***** Provided material *****

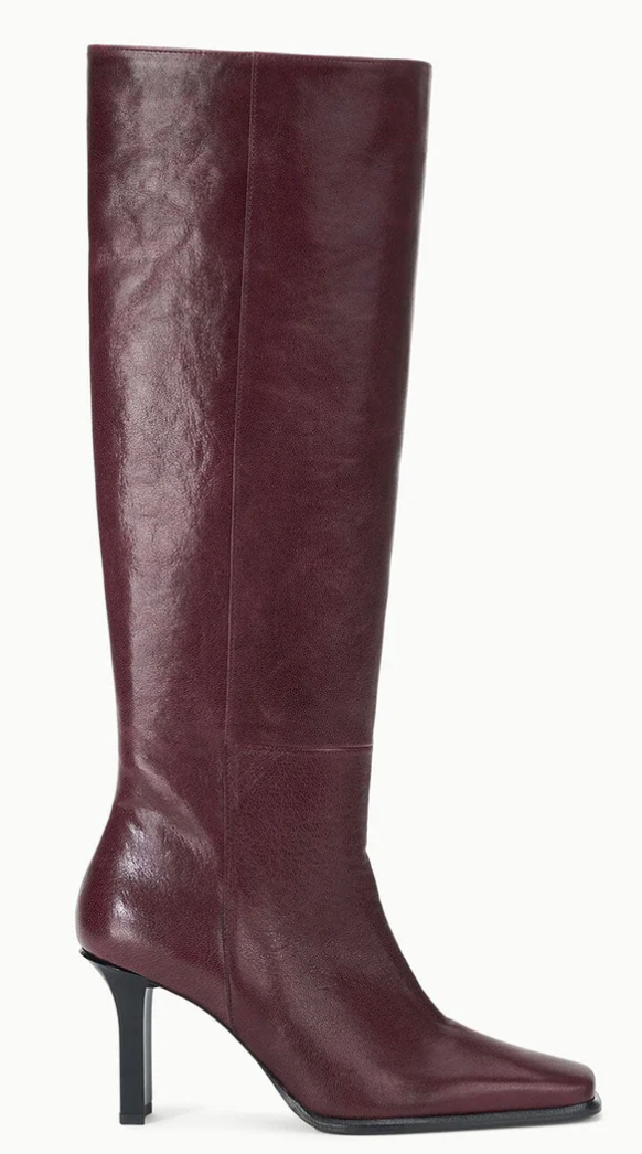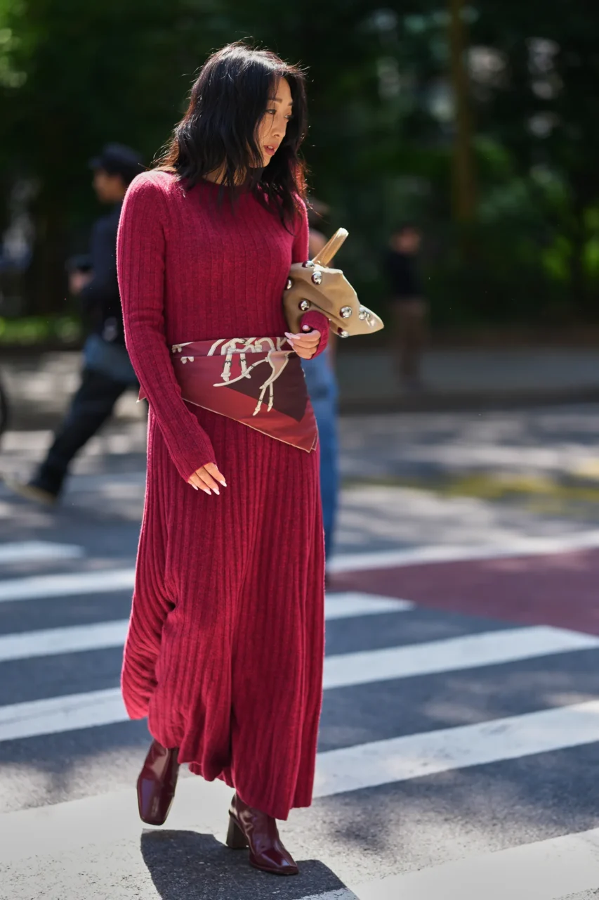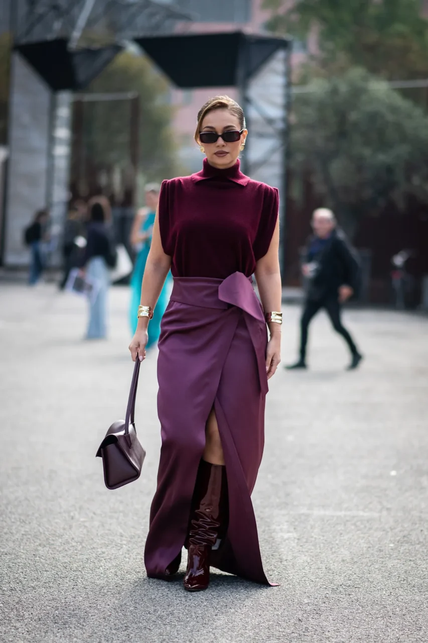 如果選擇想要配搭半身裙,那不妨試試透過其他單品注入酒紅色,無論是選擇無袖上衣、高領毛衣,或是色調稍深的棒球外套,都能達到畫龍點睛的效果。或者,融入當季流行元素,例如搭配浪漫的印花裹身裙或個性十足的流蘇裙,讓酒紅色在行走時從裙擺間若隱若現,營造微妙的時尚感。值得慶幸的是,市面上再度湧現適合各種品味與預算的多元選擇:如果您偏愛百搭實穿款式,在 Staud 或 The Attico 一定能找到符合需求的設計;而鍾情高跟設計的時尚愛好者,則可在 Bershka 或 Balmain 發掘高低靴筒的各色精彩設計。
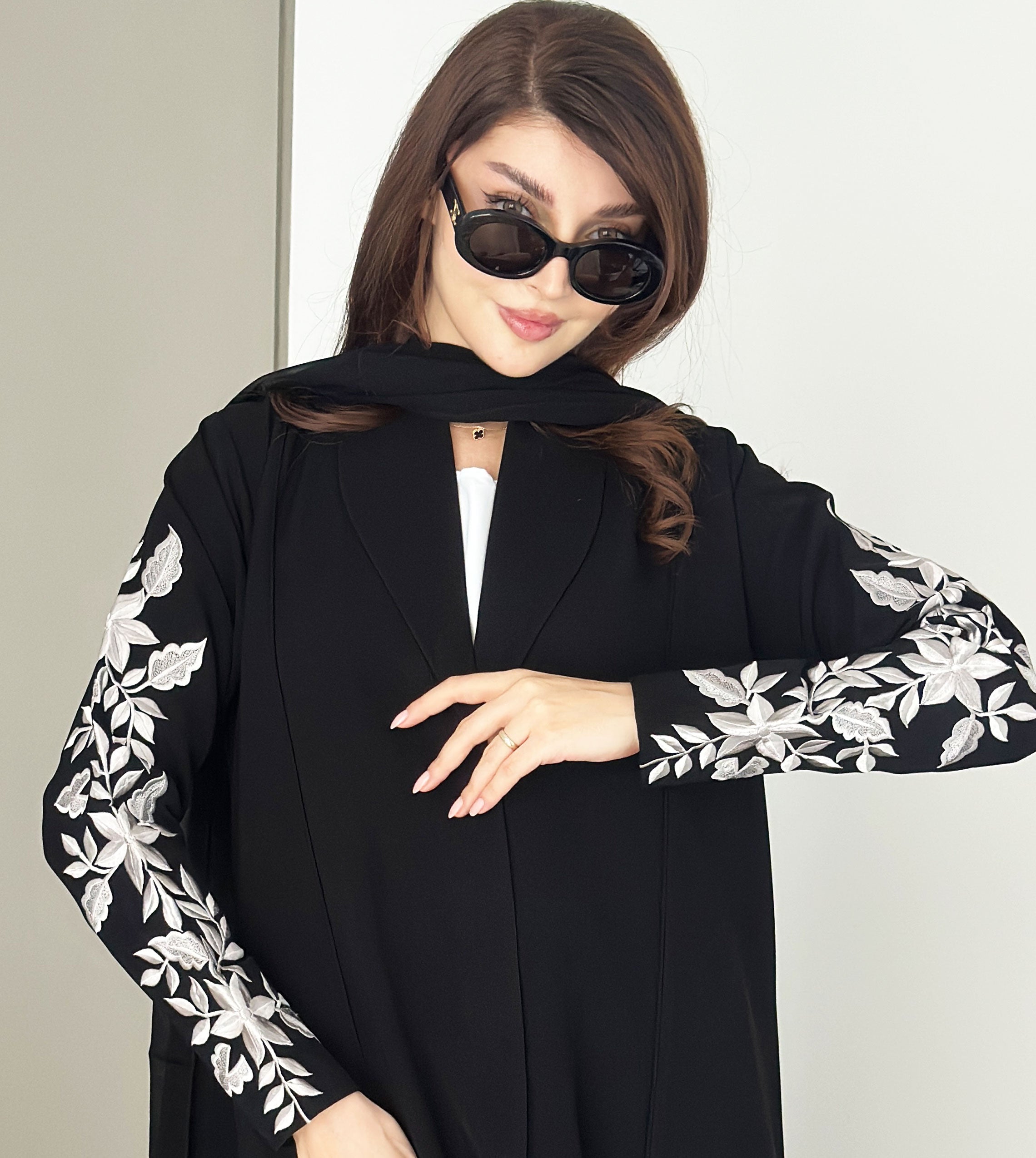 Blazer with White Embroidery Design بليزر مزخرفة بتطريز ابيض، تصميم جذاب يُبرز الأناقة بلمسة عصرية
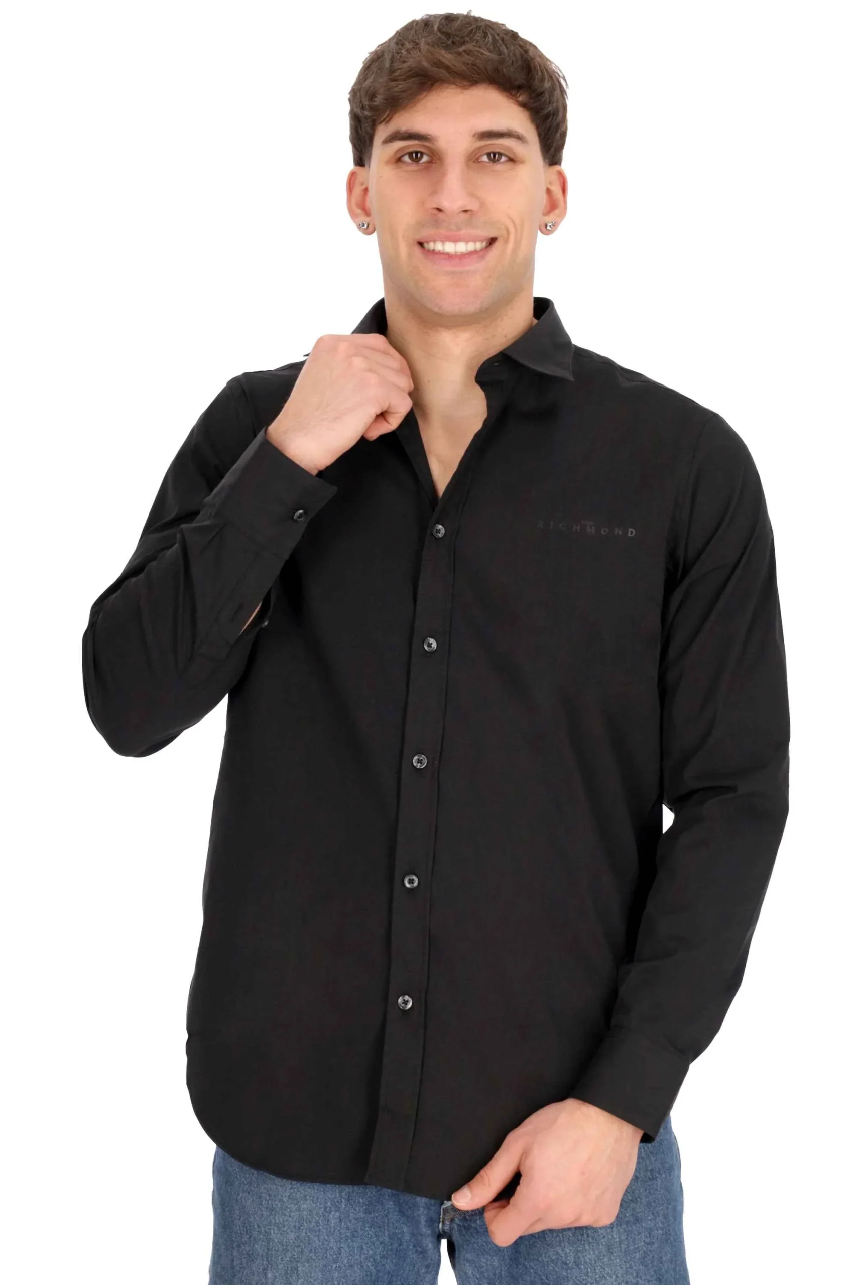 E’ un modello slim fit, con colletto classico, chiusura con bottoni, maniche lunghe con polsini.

*****

Nothing should appear in the answer except the lines from the one containing "Blazer with White" through the last line of the listing, given again exactly and with no pictures.

### Solution below:
 Blazer with White Embroidery Design بليزر مزخرفة بتطريز ابيض، تصميم جذاب يُبرز الأناقة بلمسة عصرية
 E’ un modello slim fit, con colletto classico, chiusura con bottoni, maniche lunghe con polsini.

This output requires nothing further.